The basin of attraction algorithm is a technique for displaying certain aspects of system behavior under integration. An algorithm is just a piece of computer code designed to achieve a desired result. The "basin of attraction" part of the name refers to the decision making process by which a particular color is assigned to each pixel in the image being generated.
Mathematical systems have the property that, depending on their initial conditions, they tend to seek out a certain set of states called an attractor. In a map of the possible system states the attractor may be a single point, a collection of points, a curve, a collection of curves or a region with an intricate fractal boundary. An attractor that has a fractal boundary is called a chaotic (or strange) attractor. In fact it is often the case that multiple attractors exist, each "owning" its own set of initial conditions.

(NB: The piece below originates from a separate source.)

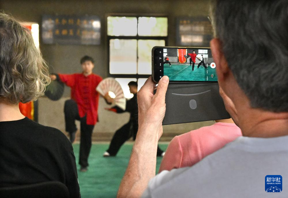 法國學員在陳家溝太極拳學校拍攝學生進行的太極扇表演(2024年4月18日攝)。 新華社記者 李安 攝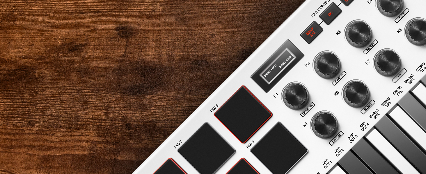 MPK miniâs OLED display places core visual feedback of DAW mode selection, velocity, CC, and more, right where you need it. Spend more time focusing on your music and less on your computer screen.

The basin of attraction algorithm takes the location of each pixel in a certain domain of the map of possible system states and assigns it a color. Taking the pixel's location as initial conditions, the algorithm itegrates the mathematical expression for the system until the systems settles on an attractor. The algorithm then assigns a color to that attractor and moves on to the next pixel representing another set of initial conditions and integrates from that start to an attractor. If it is the same attractor as before, the pixel gets the same color. If not, a new color is assigned to the point leading to that attractor.
In our examples of this algorithm the number of attractors ranges from 2 to 5. Every point in the map of possible states will end up belonging to one and only one attractor and the collection of all the points belonging to a particular attractor is its basin of attraction. The surprising issue is how thoroughly mixed these basins are in the map of possible states. Even attractors consisting of a single point may have a fractal basin of attraction.